5- Amenities to level up the sales

Property owners, builders, and even landlords are seeking to capitalize on amenities to attract new tenants. It seems that the universal gym and parking access are no longer of critical importance as they are expected of most properties. Although parking too has been an expensive amenity. Property owners, these days, are looking into offering unique amenities like communal gardens and movie theaters, among many others.

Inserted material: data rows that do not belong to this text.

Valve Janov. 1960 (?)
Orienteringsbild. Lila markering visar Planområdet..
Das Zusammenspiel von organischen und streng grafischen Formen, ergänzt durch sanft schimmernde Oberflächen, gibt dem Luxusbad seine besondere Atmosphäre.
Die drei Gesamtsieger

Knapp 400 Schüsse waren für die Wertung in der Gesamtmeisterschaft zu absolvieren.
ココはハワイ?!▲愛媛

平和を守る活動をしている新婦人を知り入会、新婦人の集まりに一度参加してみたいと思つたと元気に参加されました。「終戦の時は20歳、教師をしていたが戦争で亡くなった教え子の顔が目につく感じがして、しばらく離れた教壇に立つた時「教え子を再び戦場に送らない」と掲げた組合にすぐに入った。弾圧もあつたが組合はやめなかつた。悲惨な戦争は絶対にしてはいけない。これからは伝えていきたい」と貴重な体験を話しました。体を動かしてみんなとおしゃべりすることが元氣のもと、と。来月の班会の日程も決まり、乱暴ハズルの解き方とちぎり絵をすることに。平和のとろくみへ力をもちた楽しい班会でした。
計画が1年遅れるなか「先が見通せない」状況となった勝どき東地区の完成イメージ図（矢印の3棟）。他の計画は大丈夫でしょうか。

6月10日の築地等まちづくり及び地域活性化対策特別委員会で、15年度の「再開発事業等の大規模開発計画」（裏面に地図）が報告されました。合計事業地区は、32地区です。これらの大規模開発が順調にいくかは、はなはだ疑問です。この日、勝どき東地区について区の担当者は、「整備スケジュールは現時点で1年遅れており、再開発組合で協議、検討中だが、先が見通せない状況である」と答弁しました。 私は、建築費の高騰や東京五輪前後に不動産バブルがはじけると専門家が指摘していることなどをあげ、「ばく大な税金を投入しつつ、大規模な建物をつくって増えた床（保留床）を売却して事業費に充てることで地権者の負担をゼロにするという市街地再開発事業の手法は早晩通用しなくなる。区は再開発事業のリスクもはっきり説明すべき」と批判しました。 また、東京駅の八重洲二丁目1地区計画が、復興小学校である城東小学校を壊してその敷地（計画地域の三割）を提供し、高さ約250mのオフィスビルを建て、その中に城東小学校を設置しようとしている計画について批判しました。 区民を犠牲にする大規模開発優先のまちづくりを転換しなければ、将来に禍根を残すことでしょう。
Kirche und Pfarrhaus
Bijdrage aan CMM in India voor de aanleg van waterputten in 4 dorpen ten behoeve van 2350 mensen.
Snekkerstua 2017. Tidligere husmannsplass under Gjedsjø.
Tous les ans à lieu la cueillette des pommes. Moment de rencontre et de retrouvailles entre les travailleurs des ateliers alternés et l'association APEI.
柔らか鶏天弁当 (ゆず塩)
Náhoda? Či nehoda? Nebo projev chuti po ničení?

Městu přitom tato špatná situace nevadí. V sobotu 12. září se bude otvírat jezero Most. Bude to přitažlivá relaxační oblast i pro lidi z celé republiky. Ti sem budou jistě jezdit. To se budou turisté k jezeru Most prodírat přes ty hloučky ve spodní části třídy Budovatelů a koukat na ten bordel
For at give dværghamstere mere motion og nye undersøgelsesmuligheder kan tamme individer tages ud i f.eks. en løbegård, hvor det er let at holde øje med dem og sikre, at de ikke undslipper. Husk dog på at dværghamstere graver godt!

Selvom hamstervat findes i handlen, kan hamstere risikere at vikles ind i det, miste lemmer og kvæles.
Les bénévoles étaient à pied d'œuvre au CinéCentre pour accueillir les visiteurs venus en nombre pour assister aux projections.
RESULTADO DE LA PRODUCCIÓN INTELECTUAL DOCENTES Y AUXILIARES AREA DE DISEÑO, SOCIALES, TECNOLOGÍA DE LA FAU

Investors’ push to provide amenities signifies the need to identify amenities that could add value to their properties. But only focusing on amenities and not the construction quality will be a letdown for the builders. They should thus revisit their marketing strategies as amenities alone cannot attract tenants.


Conclusion

Many experts say that many companies can disappear without proper technological changes in the real estate industry. So, it is crucial to know the current real estate technology trends and implement them in your business. Single-family housing prices are projected to remain high and supply-constrained as more individuals migrate to the suburbs and try to buy a house. Low mortgage rates will continue to fuel housing demand.

Meanwhile, the rental property market in major cities will continue to decrease, creating chances for real estate investors anticipating a post-pandemic resurgence of city life. A rise in mortgage rates and an increase in house supply as development catches up with demand are signs of their reversal. It will be intriguing to observe which of these patterns were attributable to Covid-19 and which were not. Or are they actual long-term trends that are likely to last?